Problem to solve:
Keep every word of the listing and reproduce it exactly, but set aside any image found there.

Given material:
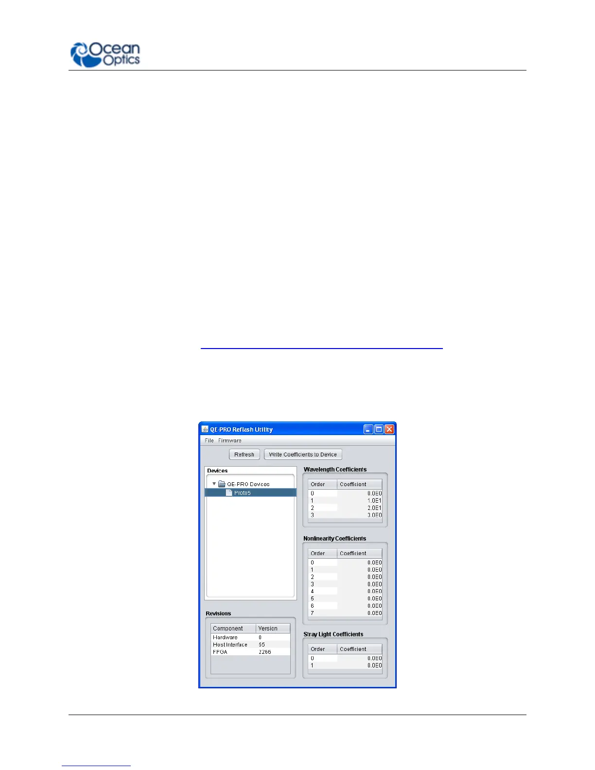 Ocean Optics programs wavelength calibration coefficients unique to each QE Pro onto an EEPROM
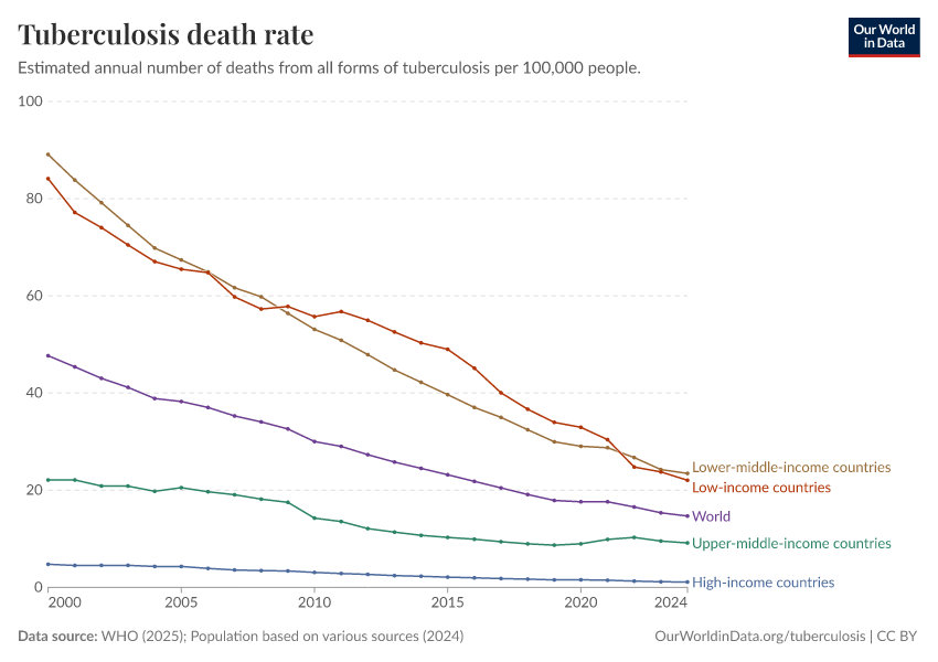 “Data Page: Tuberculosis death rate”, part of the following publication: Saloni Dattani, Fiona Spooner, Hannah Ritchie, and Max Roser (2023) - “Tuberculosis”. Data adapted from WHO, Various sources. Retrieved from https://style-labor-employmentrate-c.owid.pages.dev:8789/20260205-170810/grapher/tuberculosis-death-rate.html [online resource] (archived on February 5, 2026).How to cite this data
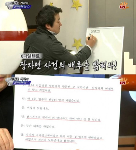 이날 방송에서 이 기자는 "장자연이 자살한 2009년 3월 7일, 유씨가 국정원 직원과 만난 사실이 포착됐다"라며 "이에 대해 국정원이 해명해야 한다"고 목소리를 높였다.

Output for this exercise:
 Ocean Optics programs wavelength calibration coefficients unique to each QE Pro onto an EEPROM
 “Data Page: Tuberculosis death rate”, part of the following publication: Saloni Dattani, Fiona Spooner, Hannah Ritchie, and Max Roser (2023) - “Tuberculosis”. Data adapted from WHO, Various sources. Retrieved from https://style-labor-employmentrate-c.owid.pages.dev:8789/20260205-170810/grapher/tuberculosis-death-rate.html [online resource] (archived on February 5, 2026).How to cite this data
 이날 방송에서 이 기자는 "장자연이 자살한 2009년 3월 7일, 유씨가 국정원 직원과 만난 사실이 포착됐다"라며 "이에 대해 국정원이 해명해야 한다"고 목소리를 높였다.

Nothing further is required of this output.